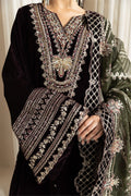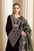 A deep maroon ensemble crafted from rich velvet, adorned with a handmade and intricately embroidered front neck that highlights fine craftsmanship. The outfit is paired with a dyed velvet trouser detailed with delicate patterns for a cohesive finish. An embroidered organza dupatta, accentuated with ornate borders and motif work, adds textural contrast and depth. Designed in a straight long silhouette, this look combines traditional detailing with a structured yet graceful appearance.
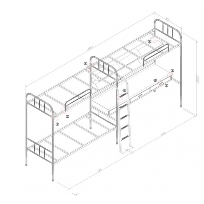 3611716,尺寸:4114*900*2000,材质:钢制,床头38*1.5mm,床架40*25*1.5mm,床横梁25*1.2mm(5根),写字桌桌面采用0.8mm冷轧钢板,书架采用1.0mm冷轧钢板,爬梯采用40*25*1.5mm矩形钢管,踏板采用1.0mm冷轧钢板,颜色:浅灰
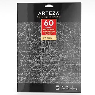Arteza Papier Carbone Pour Transfert, Qualité Artiste, Papier Graphité de Transfert Par Traçage sur le Bois, Tissu, Papier, Céramique Taille 22.8 x 33 cm, 60 Feuilles en Gris
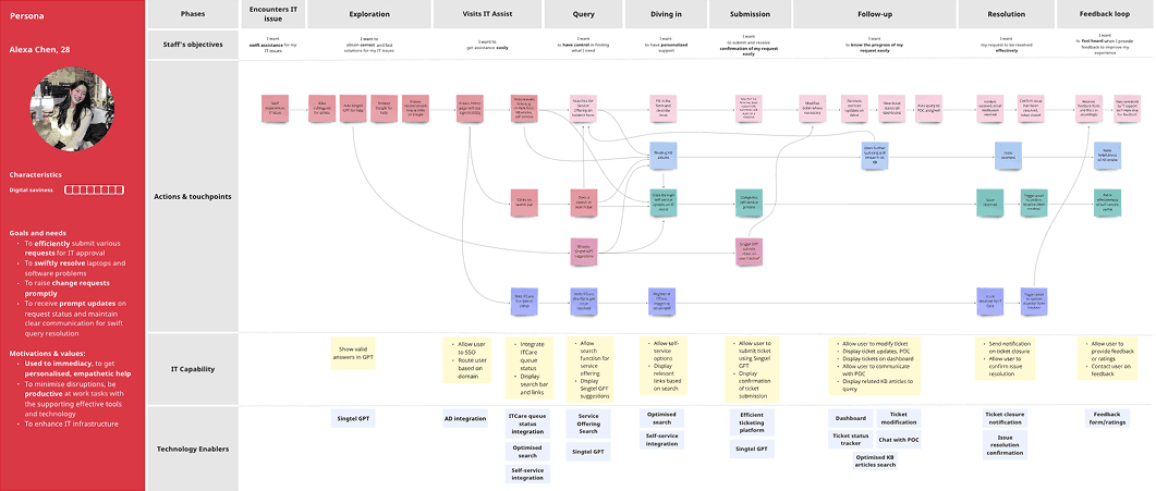 Next, to envision what the final user experience would look like, we assembled the solutions we had decided to work on into an ideal user journey for the IT support process.
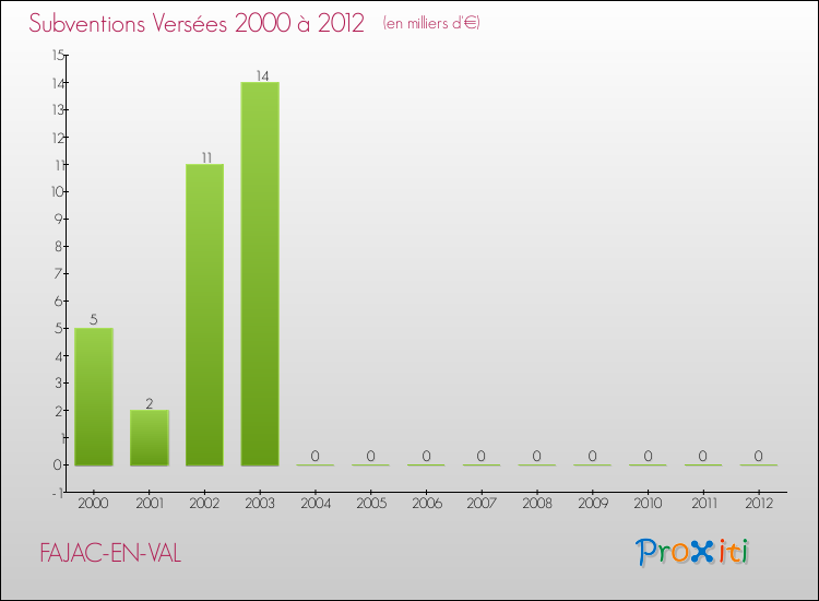 Le résultat comptable de la commune de Fajac-en-Val s'établissait ainsi à : + 14 000 € fin 2012.
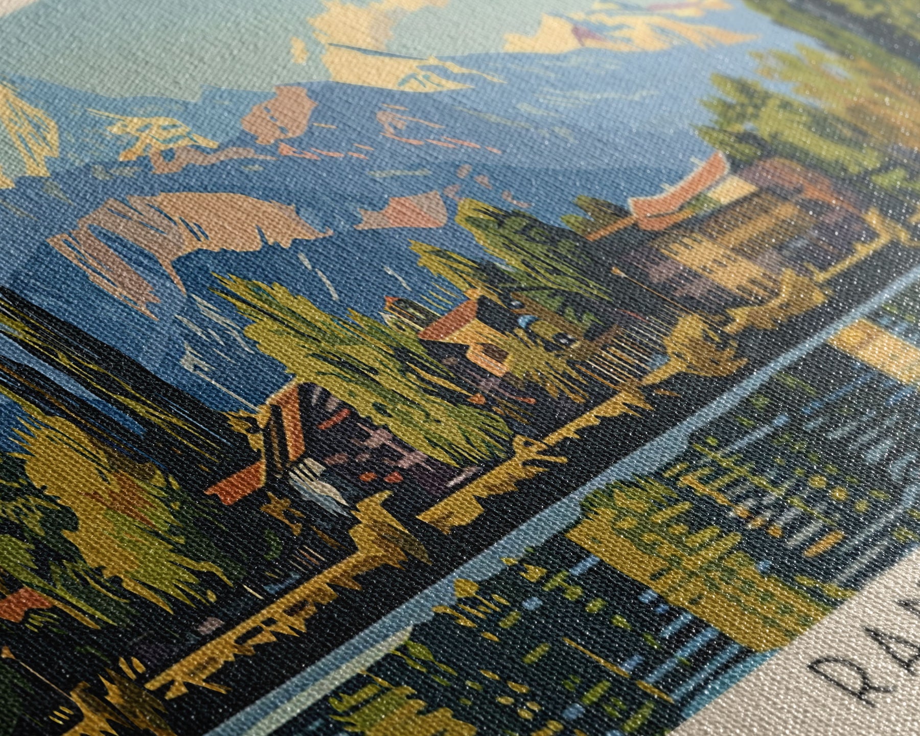 Most of our canvases are made in the USA, with the exception of canvases ordered with the light oak unstained frames, and any large canvases (24x48, 30x60, 16x48 and 20x60) ordered WITH a frame. These are temporarily made in and shipped from Europe, while we try to find a more consistent supplier in the USA.
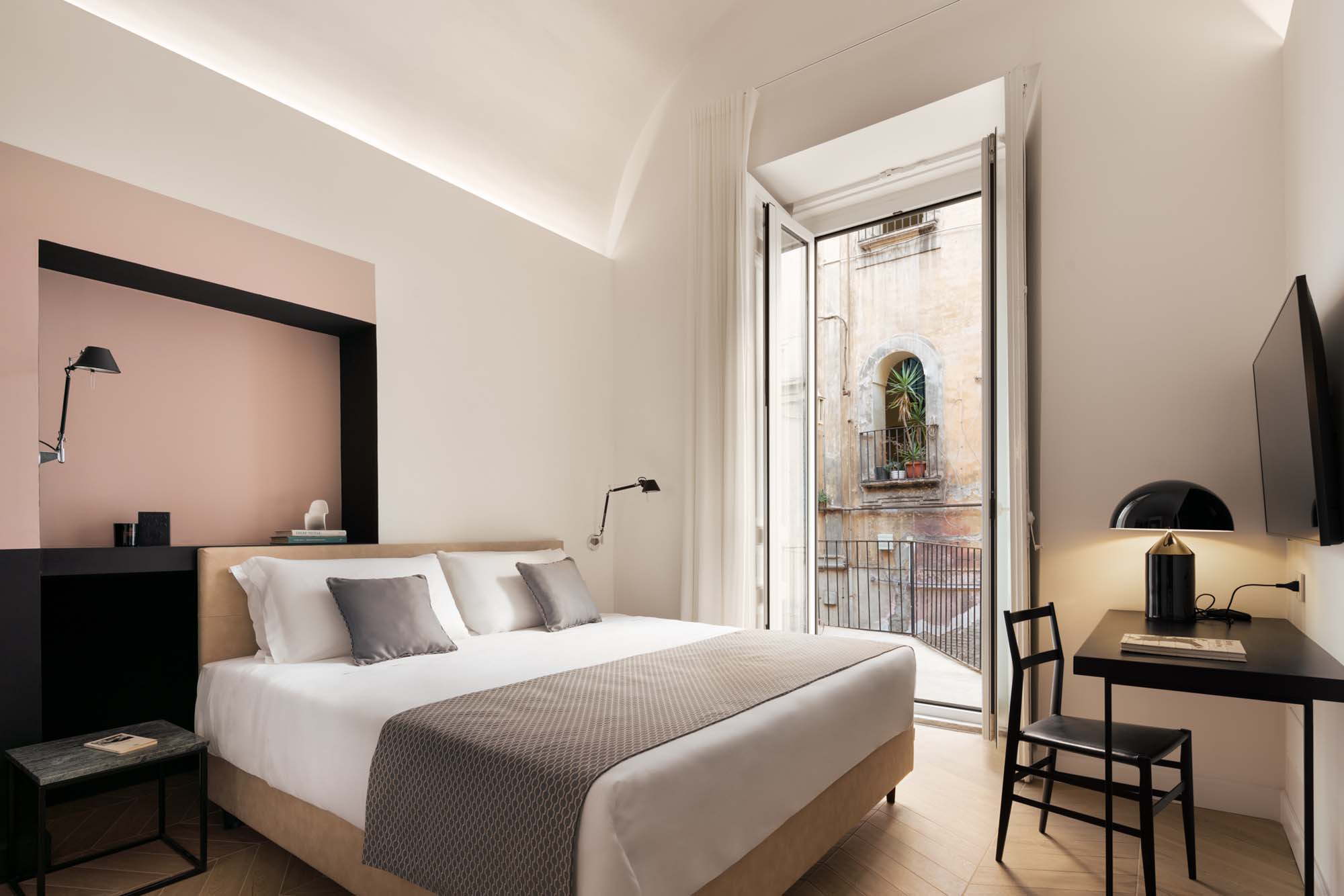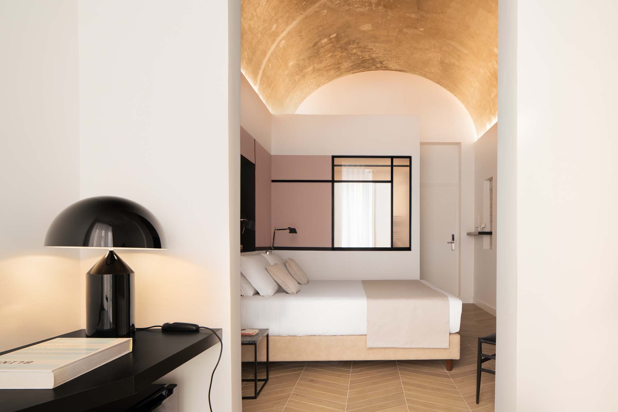 El arquitecto Pasquale Bianchini ha restaurado el hotel con sapiencia, rehabilitando y realzando los elementos originales con un toque delicado, mientras introducía contemporaneidad por medio de piezas emblemáticas del diseño que se funden armoniosamente con el ambiente histórico del edificio.
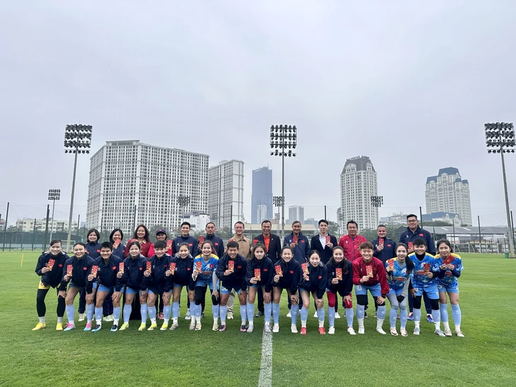 Tuyển nữ Việt Nam hội quân, nhận lì xì từ lãnh đạo VFF - Ảnh: VFF

━━━━

TASK ITEM =
Pictures aside, give the data again exactly as it appears.

ANSWER FOR THIS EXERCISE =
 A deep maroon ensemble crafted from rich velvet, adorned with a handmade and intricately embroidered front neck that highlights fine craftsmanship. The outfit is paired with a dyed velvet trouser detailed with delicate patterns for a cohesive finish. An embroidered organza dupatta, accentuated with ornate borders and motif work, adds textural contrast and depth. Designed in a straight long silhouette, this look combines traditional detailing with a structured yet graceful appearance.
 3611716,尺寸:4114*900*2000,材质:钢制,床头38*1.5mm,床架40*25*1.5mm,床横梁25*1.2mm(5根),写字桌桌面采用0.8mm冷轧钢板,书架采用1.0mm冷轧钢板,爬梯采用40*25*1.5mm矩形钢管,踏板采用1.0mm冷轧钢板,颜色:浅灰
Arteza Papier Carbone Pour Transfert, Qualité Artiste, Papier Graphité de Transfert Par Traçage sur le Bois, Tissu, Papier, Céramique Taille 22.8 x 33 cm, 60 Feuilles en Gris
 Next, to envision what the final user experience would look like, we assembled the solutions we had decided to work on into an ideal user journey for the IT support process.
 Le résultat comptable de la commune de Fajac-en-Val s'établissait ainsi à : + 14 000 € fin 2012.
 Most of our canvases are made in the USA, with the exception of canvases ordered with the light oak unstained frames, and any large canvases (24x48, 30x60, 16x48 and 20x60) ordered WITH a frame. These are temporarily made in and shipped from Europe, while we try to find a more consistent supplier in the USA.
 El arquitecto Pasquale Bianchini ha restaurado el hotel con sapiencia, rehabilitando y realzando los elementos originales con un toque delicado, mientras introducía contemporaneidad por medio de piezas emblemáticas del diseño que se funden armoniosamente con el ambiente histórico del edificio.
 Tuyển nữ Việt Nam hội quân, nhận lì xì từ lãnh đạo VFF - Ảnh: VFF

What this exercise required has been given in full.